▶ **DATA SHOWN**
- - - -

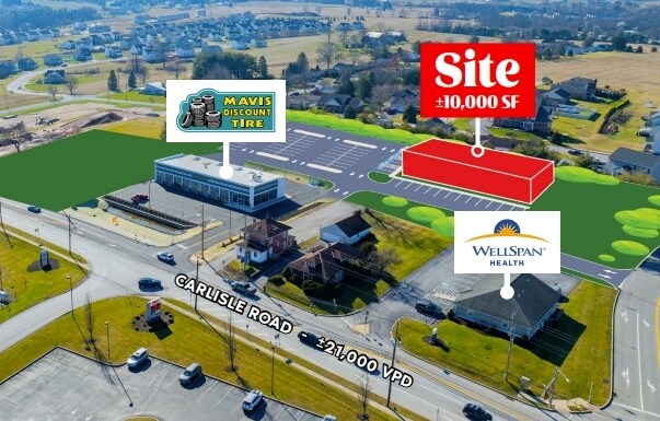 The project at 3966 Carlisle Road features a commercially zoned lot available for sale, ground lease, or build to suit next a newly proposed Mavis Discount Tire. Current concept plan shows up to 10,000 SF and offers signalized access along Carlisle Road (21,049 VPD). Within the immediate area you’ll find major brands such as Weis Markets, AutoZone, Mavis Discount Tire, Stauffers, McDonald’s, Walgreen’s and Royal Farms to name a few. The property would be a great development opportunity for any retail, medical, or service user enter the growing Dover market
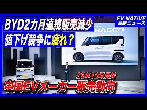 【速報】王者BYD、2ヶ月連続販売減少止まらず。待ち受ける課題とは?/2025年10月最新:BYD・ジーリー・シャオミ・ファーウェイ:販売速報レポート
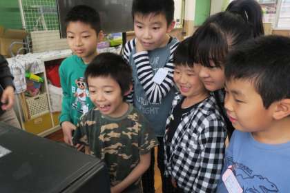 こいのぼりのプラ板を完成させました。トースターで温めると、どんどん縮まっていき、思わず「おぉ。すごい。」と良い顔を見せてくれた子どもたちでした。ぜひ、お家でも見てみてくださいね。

- - - -

▶ **ACTIVITY**
Output the whole of the data, unchanged; keep the pictures out.

▶ **ANSWER SPACE**
 The project at 3966 Carlisle Road features a commercially zoned lot available for sale, ground lease, or build to suit next a newly proposed Mavis Discount Tire. Current concept plan shows up to 10,000 SF and offers signalized access along Carlisle Road (21,049 VPD). Within the immediate area you’ll find major brands such as Weis Markets, AutoZone, Mavis Discount Tire, Stauffers, McDonald’s, Walgreen’s and Royal Farms to name a few. The property would be a great development opportunity for any retail, medical, or service user enter the growing Dover market
 【速報】王者BYD、2ヶ月連続販売減少止まらず。待ち受ける課題とは?/2025年10月最新:BYD・ジーリー・シャオミ・ファーウェイ:販売速報レポート
 こいのぼりのプラ板を完成させました。トースターで温めると、どんどん縮まっていき、思わず「おぉ。すごい。」と良い顔を見せてくれた子どもたちでした。ぜひ、お家でも見てみてくださいね。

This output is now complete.